In a letter to his family written on April 30, 1916, Thomas MacDonagh recalls “I was astonished to receive by a messenger from P.H. Pearse, Commandant General of the Army of the Irish Republic, an order to surrender unconditionality to the British General. I did not obey the order as it came from a prisoner. I as then in supreme command of the Irish Army, consulted with my second in command and decided to confirm the order. I knew that it would involve my death and the deaths of other leaders. I hoped that it would save many true men among our followers, good lives for Ireland. God grant it has done so and God approve our deed. For my self I have no regret. The one bitterness that death has for me is the separation it brings from my beloved wife Muriel, and my beloved children, Donagh and Barbara. My country will then treat them as wards, I hope. I have devoted myself too much to National work and too little to the making of money to leave them a competence. God help them and support them, and give them a happy and prosperous life. Never was there a better, truer, purer woman than my wife Muriel, or more adorable children than Don and Barbara. It breaks my heart that I shall never see my children again, but I have not wept or murmured. I counted the cost of this and am ready to pay it. Muriel has been sent for here. I do not know if she can come. She may have no one to take the children while she is coming. If she does.”

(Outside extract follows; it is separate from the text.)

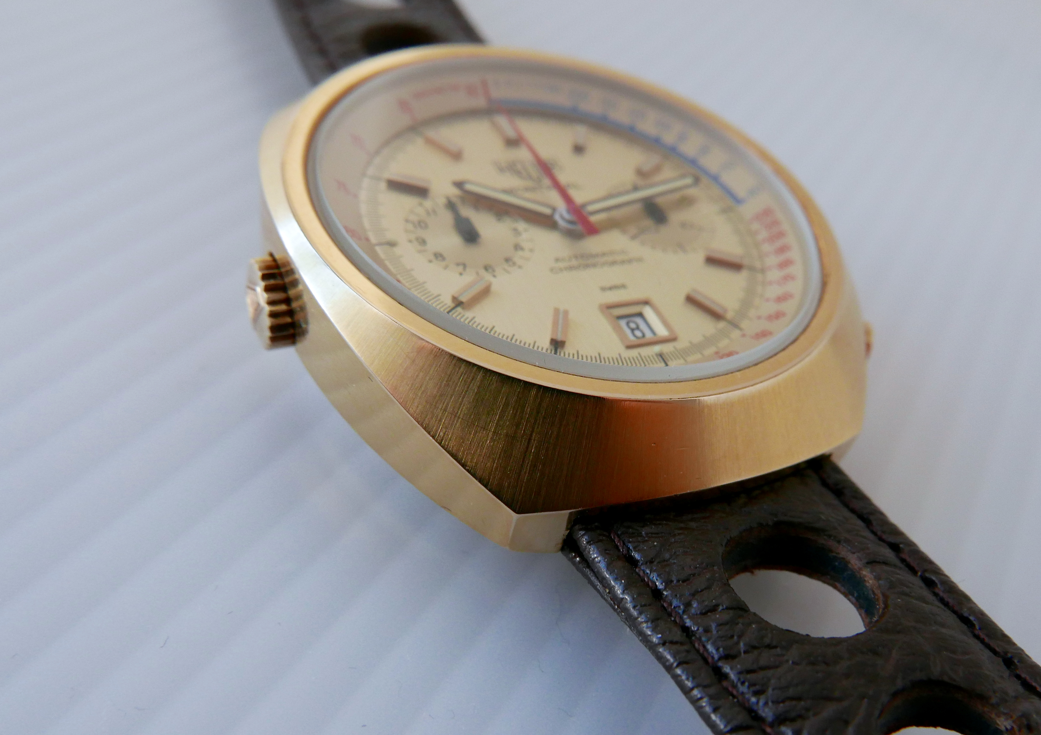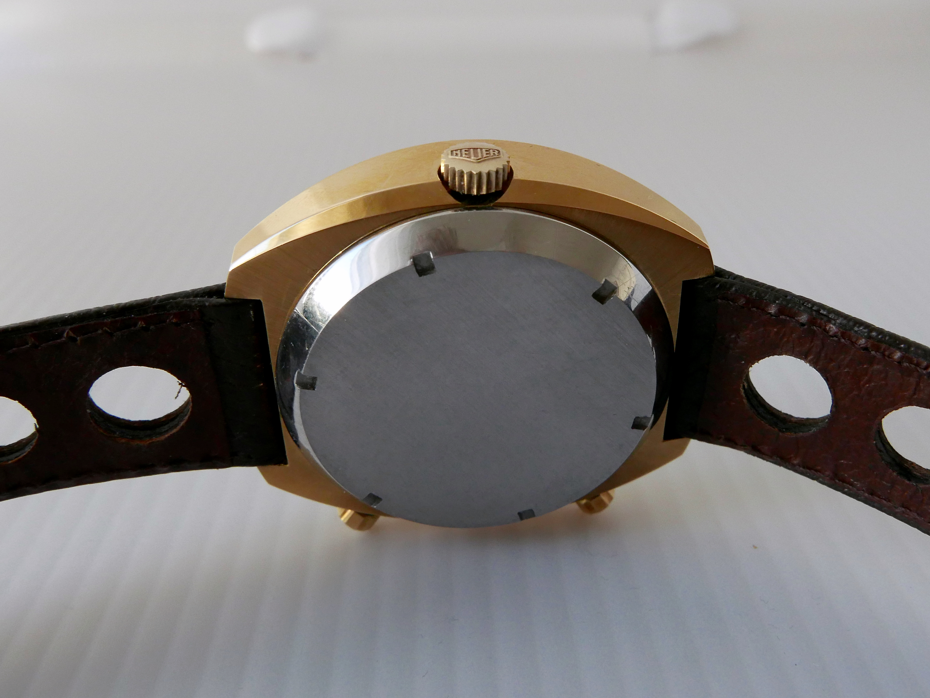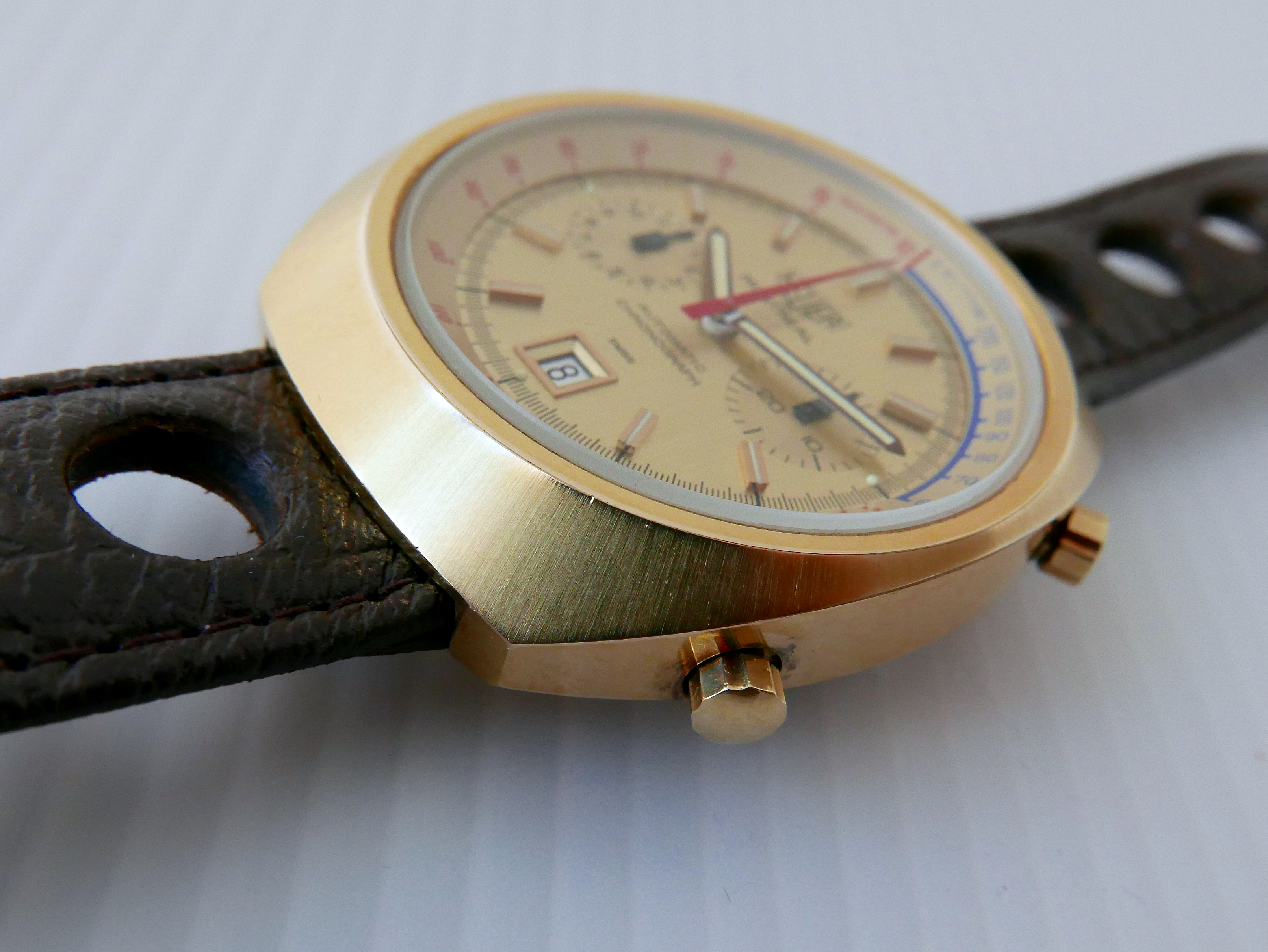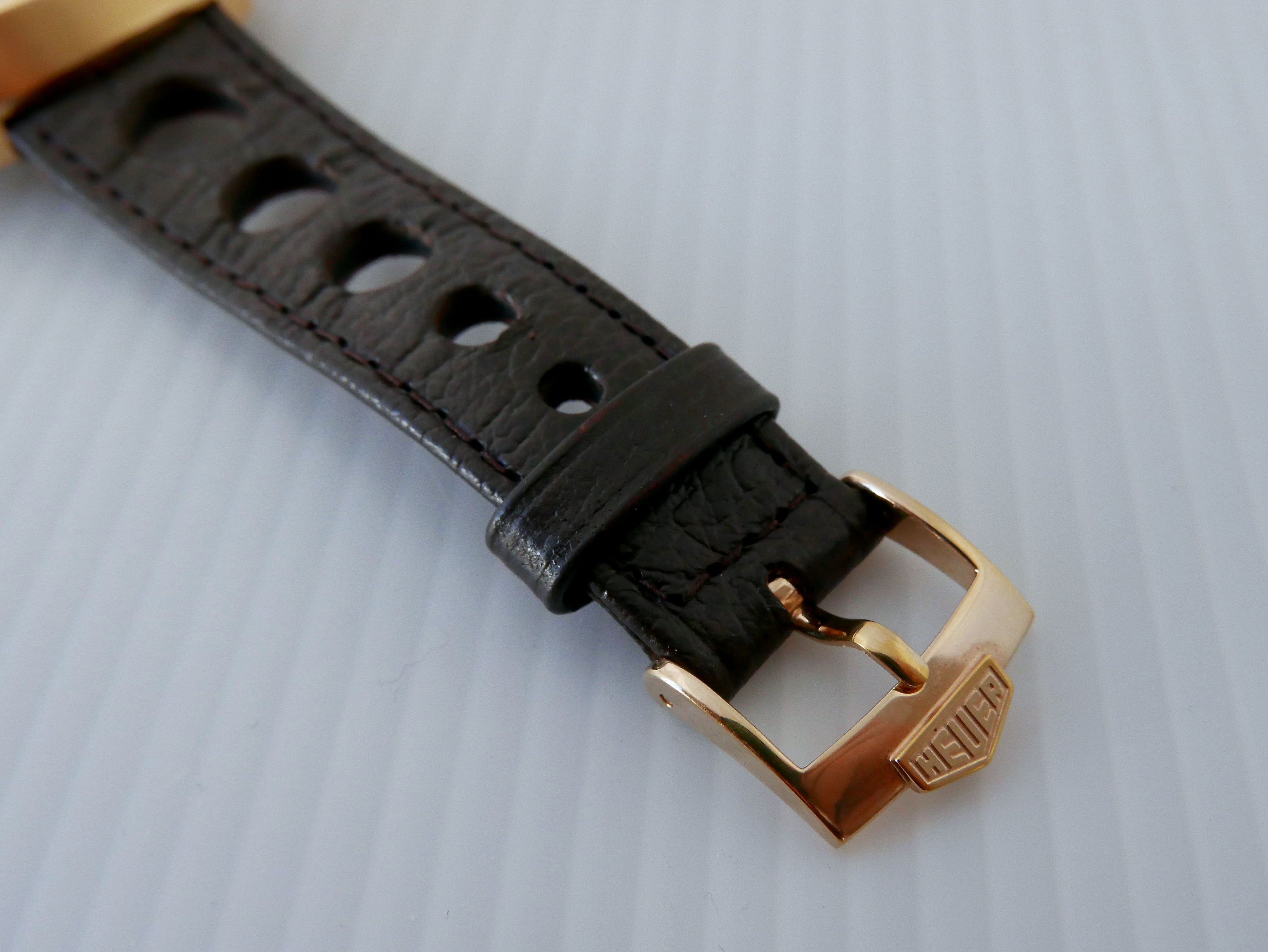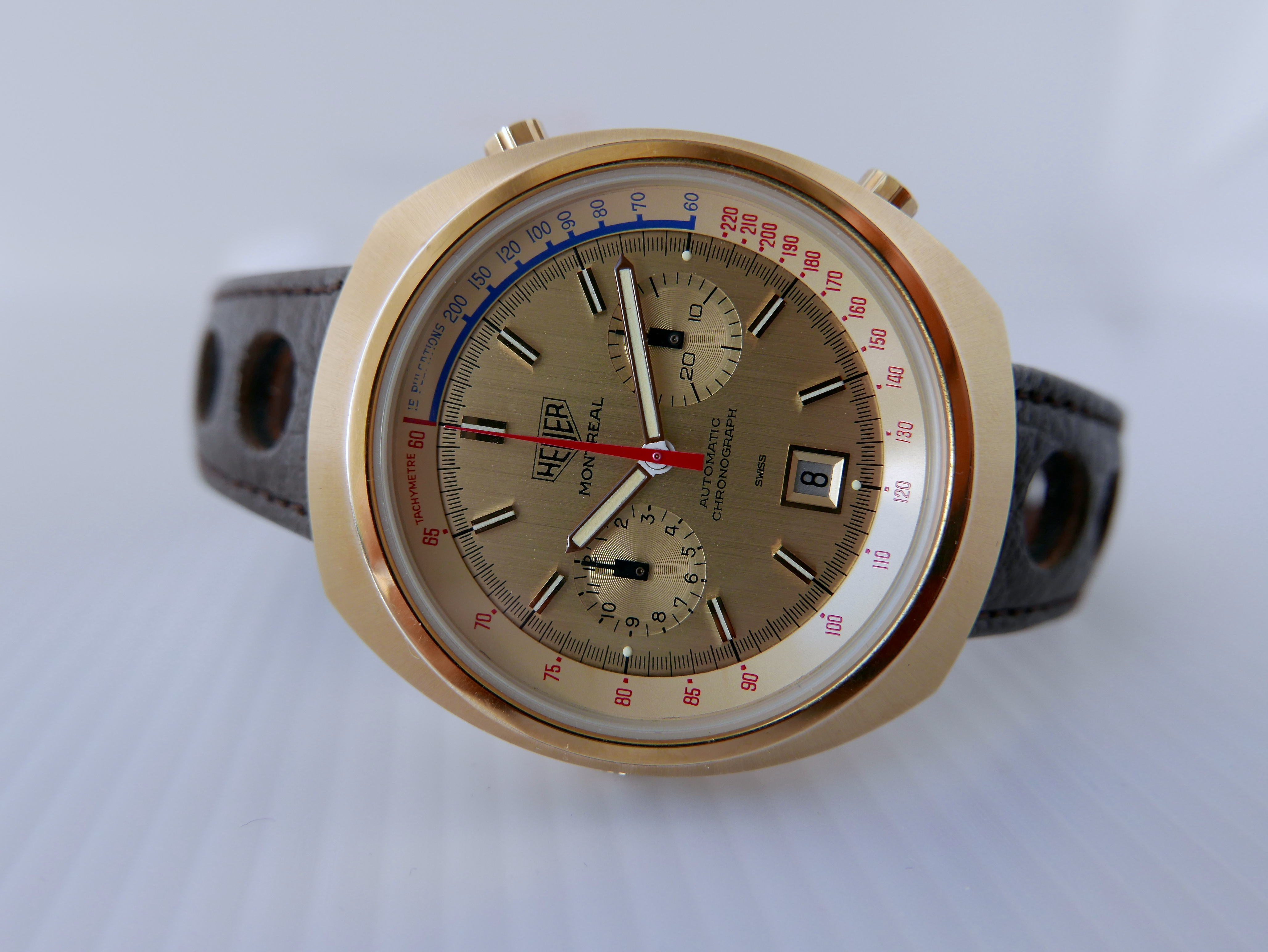 ยทA near mint Heuer Montreal 110.505CH. Condition is very good. The gold plated case is in great condition, with the original gold plating and brushing. The crystal, dial, hands, crown and pushers are in mint condition. Only thing is some wear to the inner bezel. No service history but runs strong and everything works as it should. Comes on a brown vintage corfam strap and a gold Heuer buckle (a new re-production version from Tag Heuer). A NOS gold plated NSA bracelet of the correct Montreal model is included, buckle is however not marked Heuer.

MacDonagh and Pearse are contemporaries of one another: poets, progressive educators, Gaelic revivalists. They are men who gird for battle “with a revolver in one hand and a copy of Sophocles in the other.” Each man commands a unit of Irish Volunteers during the Easter Rising, which takes place the week of April 24-30,1916. MacDonagh occupies Jacob’s biscuit factory and Pearse the General Post Office (GPO), from which he issues the surrender at the end of the week.

McDonagh and Pearse are signatories of the Proclamation of the Irish Republic, a document issued by the Irish Volunteers and the Irish Citizen Army at the beginning of the Easter Rising, proclaiming Ireland’s independence from the United Kingdom. The reading of the proclamation by Pearse outside the General Post Office (GPO) on Sackville Street (now O’Connell Street), Dublin‘s main thoroughfare, marks the beginning of the Rising.

Pearse’s and MacDonagh’s signatures on the Proclamation are a fatal endorsement for them and for each of the other five men to lend it their signatures. After being court-martialed, both Pearse and MacDonagh, along with Thomas Clarke, are executed by firing squad at Kilmainham Gaol in Dublin on May 3, 1916, the first of the rebels to be executed.